I run a SaaS product where the backend is Elixir (it's been going for 10
years, so originally written in pure Erlang) and part of it needs to do a lot
of http requests. It's a bit of a unusual use case, as I need to do 1000s of
requests per minute to different servers. It's not feasible to keep that many
connections open, so the connection needs to be recreated each time. Using
hackney (the #1 Erlang http client wrapper) I found that some requests often
took much longer on average than other requests. I narrowed it down to being a
problem somewhere on the client side, but Erlang doesn't provide any tooling
for digging deeper into the lifecycle of a HTTP request. I figured maybe it's
a problem with TLS and then found Erlang (I think its been improved in v22)
had very poor performance when verifying SSL certificates, so I had to disable
that. I switched to mint which is a wrapper written in pure Elixir which
helped a lot, but still it a left a lot to be desired.

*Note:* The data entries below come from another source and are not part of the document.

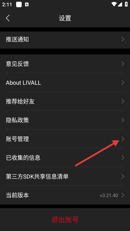 在设置页面中,点击【账号管理】选项。
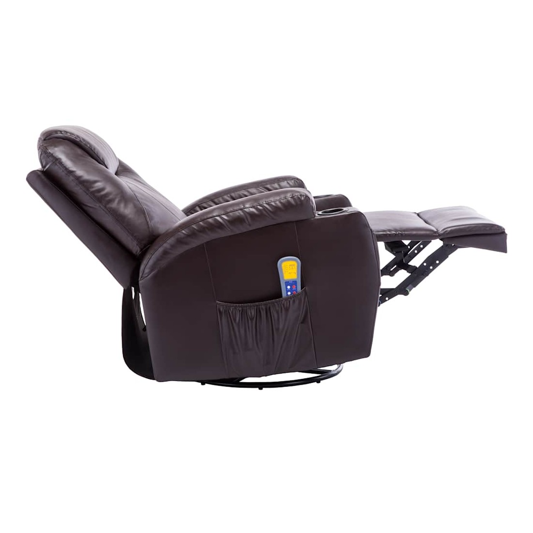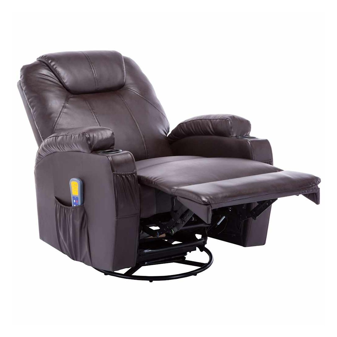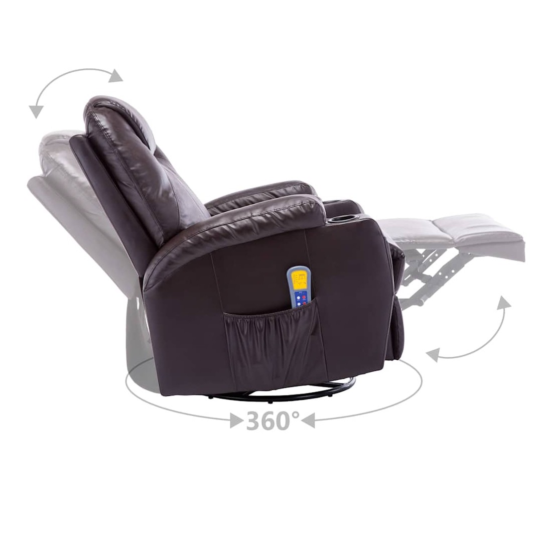 Notre fauteuil électrique à bascule de massage de haute qualité sera un choix parfait pour vous permettre de vous détendre complètement après une journée bien remplie. Tapissé en similicuir premium avec le siège et le dossier bien rembourrés, ce fauteuil pivotant et inclinable est conçu pour vous offrir le confort ultime. Le fauteuil dispose de son système pivotant qui peut fournir une vue à 360 ° de la pièce. Le fauteuil pivotant de massage dispose de 8 nœuds de massage pour apaiser tout votre corps. Le dossier et le repose-pied peuvent être ajustés selon différents angles en fonction de vos besoins. La télécommande incluse peut être rangée dans la poche latérale du fauteuil de massage. Le fauteuil électrique de massage est facile à assembler. Remarque : ce produit est doté d'un connecteur USB, mais la source d'alimentation certifiée de USB 5V n'est pas incluse.
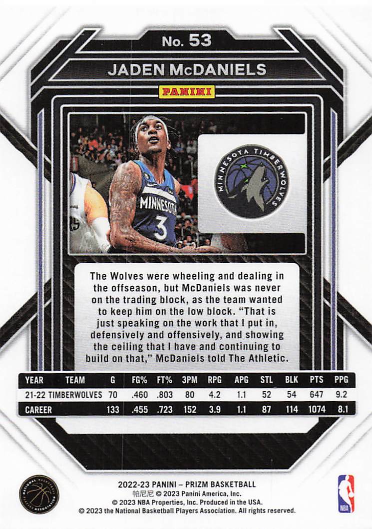 2022-23 Panini Prizm Basketball Jaden McDaniels #53
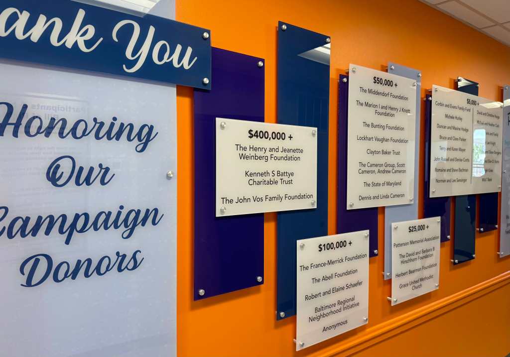 Manna House has now received from the City of Baltimore to reopen after completion of construction during our Capital Campaign. The John Vos Family Foundation was instrumental in both initiating and sustaining this project. In addition to the “John Vos Family Foundation” on the outside wall of our building, the foundation is honored on the donor wall as our clients walk into the building and a special plaque opposite the donor wall telling all that enter about the critical initial “leadership” gift that launched this campaign. It is both a wonderful legacy and a reminder of the tangible impact of Manna House as they support the homeless and poor.
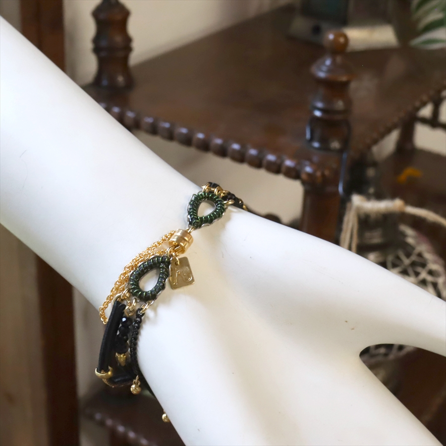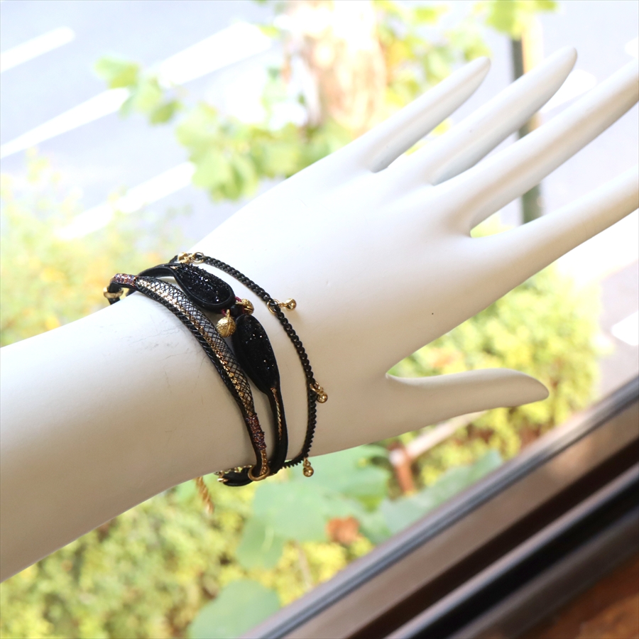 きらめくブラックビーズと艶をおさえたゴールドの融合が印象的な、Gilded Blackという名のシリーズ。繊細でユニークなパーツで表現されたさりげなく華やかなデザインのブレスレットです。

I wrote up a quick test in Go and found doing the same requests, it didn't
have any performance issues or timing oddities, and the code was much simpler.
I've hbeen working on extracting that part of the system into a Go app, called
via gRPC. Unfortunately there is no official gRPC library for Erlang, and the
only third party one has limited features that I've had to work around. So
it's a bit painful, but don't get me wrong I love using Elixir and Erlang :-)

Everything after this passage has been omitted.